**Aim of the exercise:** Exact wording is required for every entry; transcribe all of them and leave the images out.

_ _ _ _ _

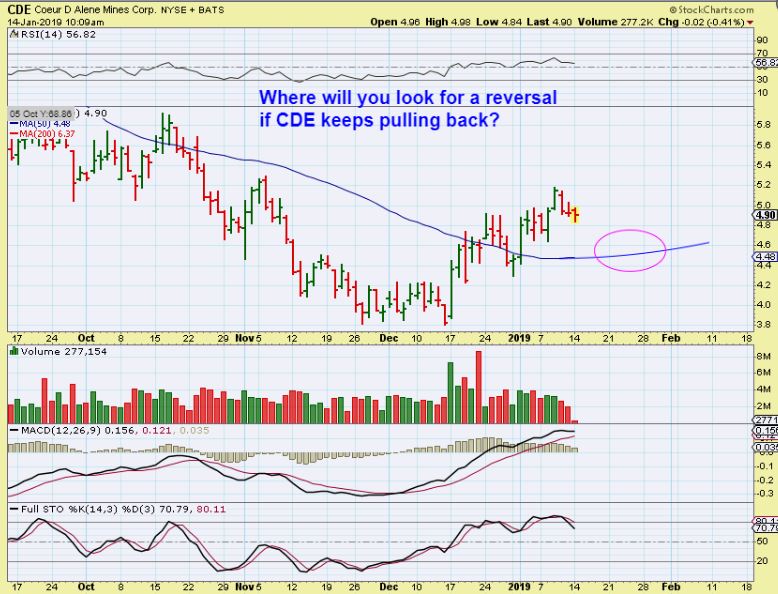 CDE – CDE actually closed at $4.93, it is not selling off much. I drew a possible target if we get the sell off, but so far it remains above the 10sma (not shown) .
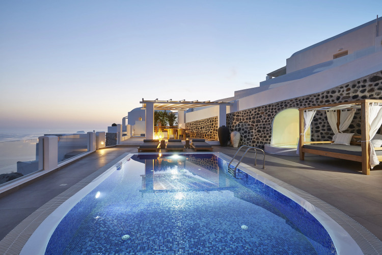 Из такого отеля на улицу можно вообще не выходить — отель «Celestia Grand» расположен в Фире. Этот отель находится 2 км от центра города. Рядом с отелем можно прогуляться. Неподалёку: Порт Афиниос Санторини и Старый порт Санторини.
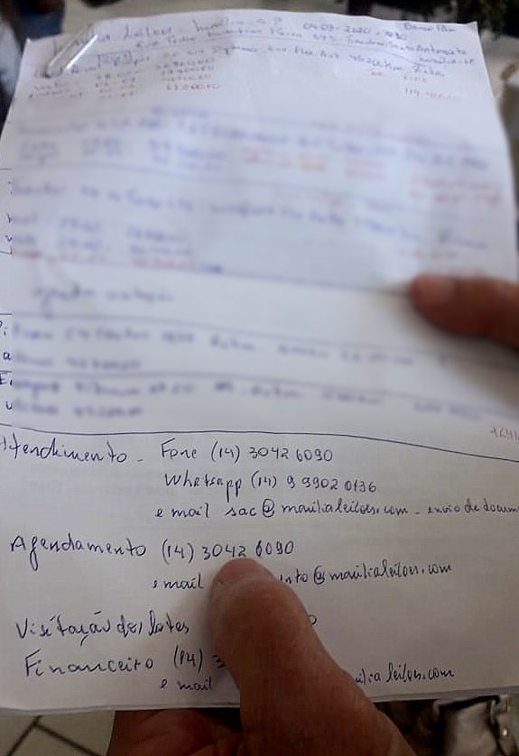 As anotações que o aposentado fez sobre os produtos oferecidos pela empresa e localização em Marília. Trabalho investigativo.
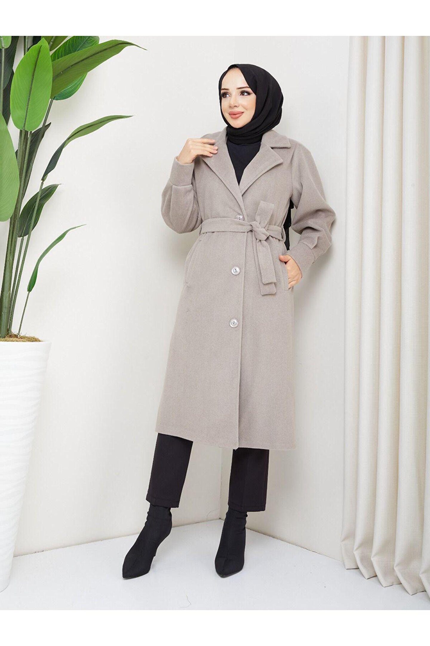 popibutik Kol Detaylı Kaşe Kumaş Kuşaklı Düğmeli Taş Midi Boy Kaban
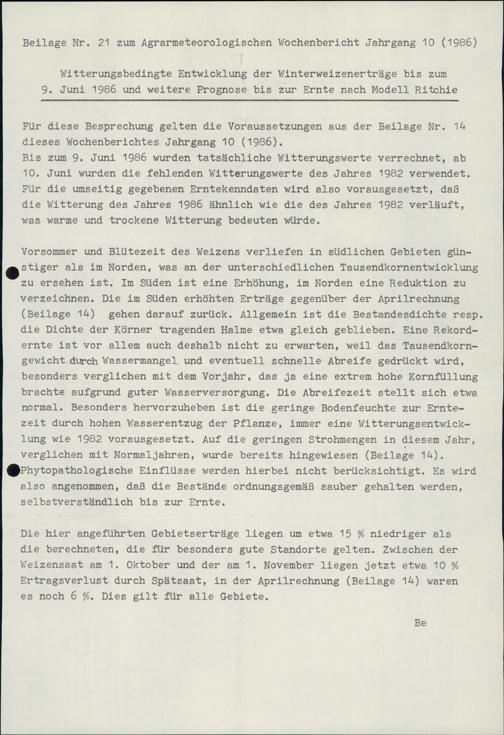 10 (1986) Beilagen. Witterungsbedingte Entwicklung der Winterweizenerträge bis zum 9. Juni 1986 und weitere Prognose bis zur Ernte nach Modell Ritchie

_ _ _ _ _

**Output for this exercise:**
 CDE – CDE actually closed at $4.93, it is not selling off much. I drew a possible target if we get the sell off, but so far it remains above the 10sma (not shown) .
 Из такого отеля на улицу можно вообще не выходить — отель «Celestia Grand» расположен в Фире. Этот отель находится 2 км от центра города. Рядом с отелем можно прогуляться. Неподалёку: Порт Афиниос Санторини и Старый порт Санторини.
 As anotações que o aposentado fez sobre os produtos oferecidos pela empresa e localização em Marília. Trabalho investigativo.
 popibutik Kol Detaylı Kaşe Kumaş Kuşaklı Düğmeli Taş Midi Boy Kaban
 10 (1986) Beilagen. Witterungsbedingte Entwicklung der Winterweizenerträge bis zum 9. Juni 1986 und weitere Prognose bis zur Ernte nach Modell Ritchie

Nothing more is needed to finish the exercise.